The Biden administration is expected to further scale back its upcoming outbound investment screening executive order to focus on “increasing transparency” for certain outbound investments in China instead of potentially blocking investments in several sectors, Politico reported Feb. 28. The report said the EO may still block certain investments in China’s advanced semiconductor industry, but it will “likely not block money from flowing to other parts of China’s high-tech economy,” including the artificial intelligence, quantum computing and biotechnology industries.
The State Department is seeking public comments on information collections overseen by the Directorate of Defense Trade Controls. One deals with approval requests for its manufacturing license agreements, technical assistance agreements and other agreements; another involves the maintenance of records by DDTC registrants; a third involves the annual brokering report; and the last relates to the agency’s “Brokering Prior Approval” license. Comments are due March 30.
The Committee on Foreign Investment in the U.S. will be especially active this year, BakerHostetler lawyers predicted in a webinar hosted by the law firm last week. Lawyer Scott Jansen said he believes “there's going to be actual CFIUS enforcement” despite the committee not issuing an enforcement penalty since 2019. “We believe that there is a great chance that there'll be serious penalties in 2023,” Jansen said, adding that he expects CFIUS to continue to prioritize China-related transactions.
The U.S. is considering publicizing intelligence it believes shows China is deciding whether to send weapons to Russia for its war in Ukraine, The Wall Street Journal reported Feb. 22. The discussions within the Biden administration came before Feb. 25 U.N. Security Council meeting and a “number of closed-door appeals” to China coordinated among NATO members, the report said. Other Western countries in recent weeks have also “picked up on” intelligence that China may begin supplying weapons to Russia, but “it appears that China hasn’t yet made a final decision,” the report said.

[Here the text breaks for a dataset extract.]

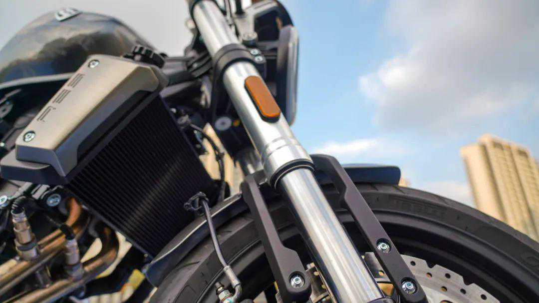 上置多连杆中央后减震具备15段阻尼可调功能,在舒适性与运动性方面都会有更好的表现。同时,RE560所搭载的铝合金后平叉也能进一步降低车辆后轮的簧下质量,提升车辆操控性,与“性能复古”不谋而合。前120-70-17,后160-60-17配倍耐力子午线轮胎。

A federal government payment website, Pay.gov, will be offline Feb. 26 from 2 a.m. to 6 a.m. for scheduled maintenance and upgrades, the State Department's Directorate of Defense Trade Controls said. "All Pay.gov services will be unavailable during the deployment window, including paying Registration fees," DDTC said.
The State Department approved a potential $670 million military sale to the Netherlands, the Defense Security Cooperation Agency said Feb. 16. The sale includes “High Mobility Artillery Rocket System (HIMARS) launchers” and related equipment. The principal contractor will be Lockheed Martin.
The Bureau of Industry and Security is seeking public comments on the “effectiveness” of its licensing procedures for exports and reexports of agricultural goods to Cuba, the agency said in a notice this week. BIS will use the comments as it prepares a biennial report to the Congress on its Cuba-related export licensing, per the Trade Sanctions Reform and Export Enhancement Act of 2000, which requires BIS to report on licensing procedures for the period Oct. 1, 2020, to Sept. 30, 2022. The report must include information on the number and types of licenses applied for, the number and types of licenses approved, the average amount of time elapsed from the license’s filing date until its approval date, and a “description of comments received from interested parties,” BIS said. Public comments, due March 20, should be “as specific as possible,” the agency said.
The State Department this week released a set of best practices for nations to follow on the responsible use of artificial intelligence in militaries. The agency said any “military use of AI capabilities needs to be accountable,” adding that states also should consider how to implement these best practices “in the context of their exports of military AI capabilities.”
The U.S. goods movement supply chain is in a “much better place” than it was in October and might be undergoing a “pre-pandemic resetting,” said Stephen Lyons, the Transportation Department’s port and supply chain envoy. Lyons, speaking during the Feb. 15 meeting of the Commerce Department’s Advisory Committee on Supply Chain Competitiveness, attributed a “large degree” of the improvements to weakened demand. “When you look at shipping times, when you look at freight costs, when you look at basic confidence and reliability in systems,” he said, “that has improved dramatically relative to where we were a year ago.”
The State Department approved a potential $250 million military sale to Kuwait, the Defense Security Cooperation Agency said Feb. 14. The sale includes the “planning, integration, implementation, and maintenance of a Medical Information System for” the Kuwait Military Medical Command. The principal contractor will be Cerner Corp.